For a year I wandered Western Europe and the Middle East, seeing the falling-down edifices of history. Now I have a house I've leased on a ledge beside an ocean cove. By American standards the house is small and uncomfortable, though exquisite in setting. Four rooms and no toilet, so it's chamber pot or out-house, depending on the hour, the temperature, and the need. It's no inconvenience; too many prison cells have only a hole in the floor. I do have electricity and hot water, at least most of the time—provided by a generator left by the German Army two and a half decades ago.
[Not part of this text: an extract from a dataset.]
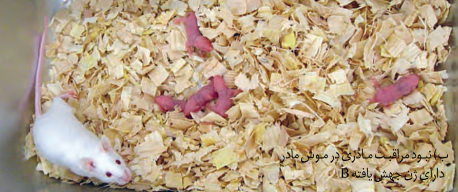
ب) نبود مراقبت مادری در موش مادر دارای ژن جهش یافته B

I have transoceanic radio, but there's no need for a television set, the nearest station is two hundred miles away. The floor is clay, hard as concrete. Thick, whitewashed walls sparkle in the sunlight, hold out summer heat and winter cold, though the seasons here are gentle. Twelve steps hewn into the ledge go down to the cove's protected beach of egg-sized rocks worn smooth by the water.
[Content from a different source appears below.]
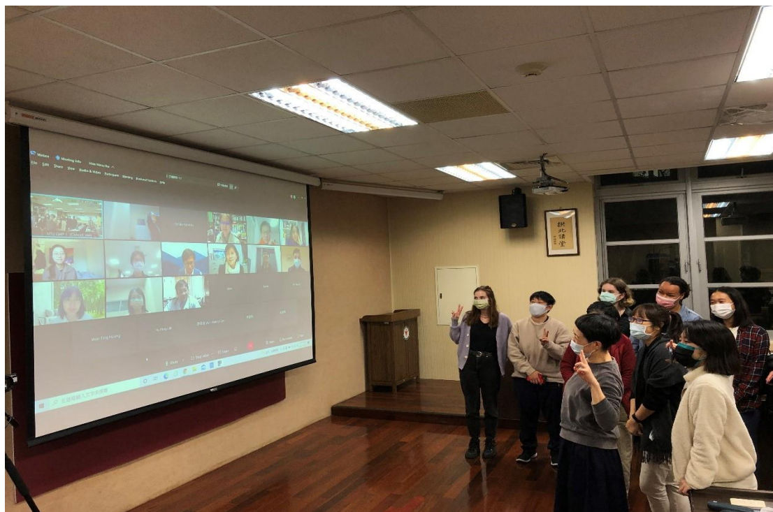
▲講座圓滿落幕，現場參與者們齊聚螢幕前的全體大合照

Overlooking the cove and the sea beyond are louvered windows. The view is panoramic. I frequently watch the sea's moods. Its depths are usually transparent as a fishbowl, and it lies motionless beyond any simile for stillness, as if the sea itself is sleeping in the sun. Sometimes a warm breeze stirs it awake and billowing waves roll over one another in a race to shore, white foam bursting like laughter as they pause on the beach before turning back. Occasionally the sea is angered by winter's nipping wind and it gnashes white teeth, writhes, becomes black in the face, and furiously backhands the shore.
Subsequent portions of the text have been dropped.